Tepat pukul 3 sore, matahari terik menyinari kota Solo. Tidak sedikit petani yang sedang mencabut padi-padi segar yang sudah siap diambil. Suara burung bersiul-siul yang bertengger di ranting pohon. Bunyi percikan air sungai yang mengalir cukup deras. Terdengar suara tangisan Nina yang sedang duduk di pinggir sungai. 
“Nuwun sewu, cah ayu.” seorang lelaki muda berkulit sawo matang sedang membawa banyak sekali padi yang siap untuk dibawa pulang untuk diproses. Lelaki itu tidak sengaja melihat seorang wanita muda yang sedang menangis dalam perjalanannya.
“Wonten nopo, Mas?” Tangan Nina yang langsung mengusap air matanya dan melirik lelaki yang sedang membawa padi dan sepeda kunonya. 
“Kenging menapa panjenengan muwun?” Suara halus lelaki tersebut secara tidak langsung membuat Nina berhenti menangis. 
“Mboten nopo-nopo, Mas. Mas tiyang pundi?” 
“Kulo tiyang ngriki asli. Beh beh, kulo lelah sanget ngurus bisnis keluwargi. Angel eram ekonomi saiki, beh jan apes. Oh, Mbake, kulo wangsul sek yo, Mbak. Amit--”

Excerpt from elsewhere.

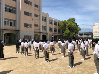 学校再開初日の朝は、着任式、始業式、対面式から始まりました。始業式で上田校長先生より『凡事徹底』という言葉を用いて、これからの学校生活についての講話がありました。『凡事徹底』の意味は、「凡事=当たり前のことを、徹底=すみずみまで行き届くこと」です。感染予防対策も、授業に取り組む姿勢も、『凡事徹底』してコロナがあったから…ではなく、コロナがあったのに…、コロナがあったからこそ…と話せるように、1日1日を大切に過ごしていきましょう。

Percakapan singkat tersebut membuat Nina merasa lebih lega dibandingkan sebelumnya. Tidak lama, Nina bergegas balik ke rumah untuk bertemu kembali dengan keluarganya untuk meminta maaf atas perbuatan kasarnya tadi. Ketika Nina sudah sampai di depan rumah, Mas Joko sudah menunggu kedatangan Nina. 
“Non, kemana saja? Bapak dan telah mencari.”
“Oh, tidak apa-apa pak.” 
“Kalau bisa jangan keluar rumah dulu, cah ayu. Soeharto sedang mengurangi subsidi BBM. Takut ada kerusuhan, Non.”
Dari kejauhan, terdengar Bapak berdiri di depan pintu utama rumah dengan wajah penuh dengan kekhawatiran. Nina menghampiri Bapak dengan berlari sekencang mungkin. 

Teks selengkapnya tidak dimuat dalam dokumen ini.